Scan is not getting completed for file containing unicode characters like - 北京朝阳区

Question

Scan is not getting completed for file containing unicode characters like - 北京朝阳区

KBiru opened this issue 2 years ago · 4 comments

[This is an extension for issue no. #626 ]

Hi Team,

The scan is crashing for some files [without any errors or scan reports], I went through each line and found out that - if the code contains some string like - 北京朝阳区, detect-secret does not scan the file it exits without any errors. Is there some plugin or filters I should use to avoid this?
[Note - it is known that the particular file contains secret]

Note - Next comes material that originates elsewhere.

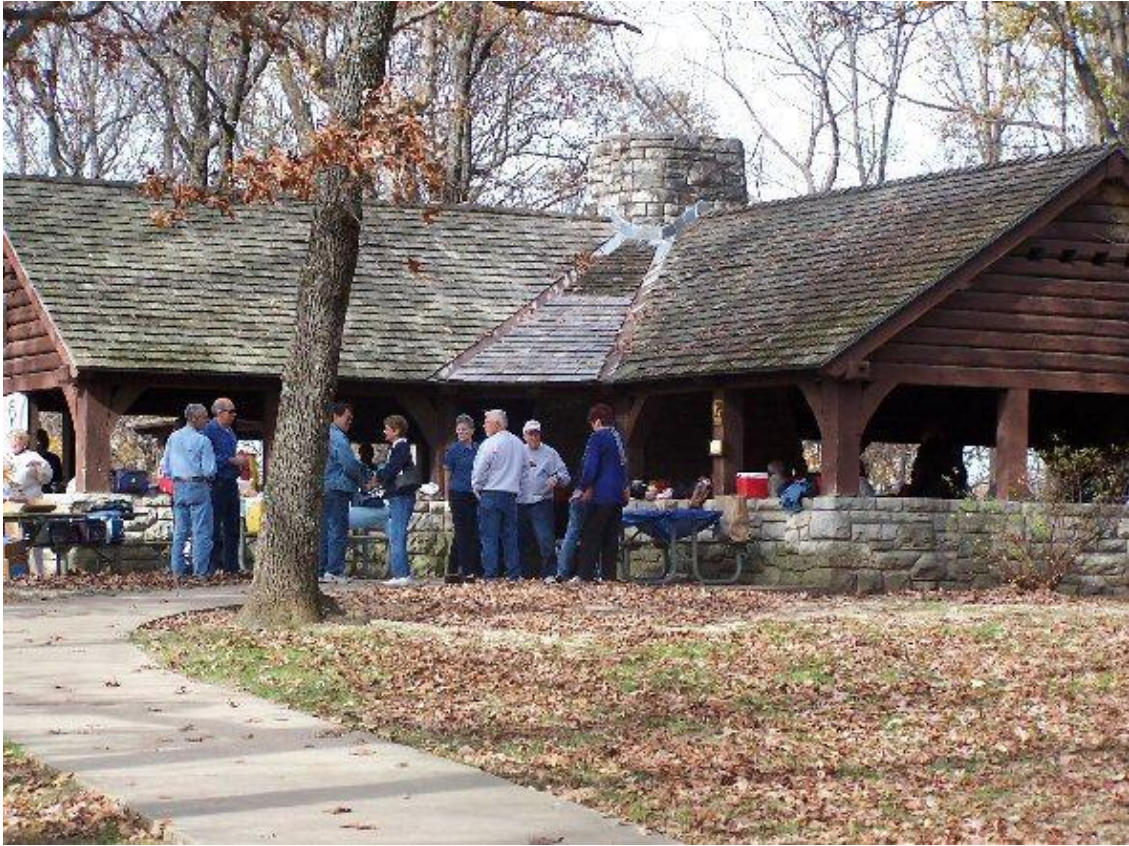
Our first picnic at Babler State Park from September 2005.

I mean are unicode strings getting handled properly? Also if I want to have should_exclude_secret filter for certain unicode regexes, then how to add it in the transient settings?
So far I could not do it.

Using the python package of the detect-secrets (python 3.10)
detect-secrets version = 1.4.0
OS = Windows 10

Please let me know if there is any information.

Thanks,
Bireswar

Answer 1 · 2023-03-22T20:17:00.000Z

@KBiru Hi. Thank you for reporting this. What is the file type of the file?

Answer 2 · 2023-03-23T03:55:50.000Z

The file type is normal XML, but the encoding is utf-8, so anything on utf-8 and containing characters like I mentioned, breaks scan process as detect-secrets take only default encoding of the OS it is running on, for example in windows it only tries to decode using cp1252 though the file is in utf-8.
I think this is causing the issue, it does not understand the file encoding and then process, rather it only takes care of the default encoding of the system.

Answer 3 · 2023-03-29T16:33:18.000Z

@KBiru Can you give me an example of a snippet of this file? For example trim the file down enough and sanitize it so there is not sensitive information while still causing the error. So I can attempt to reproduce this?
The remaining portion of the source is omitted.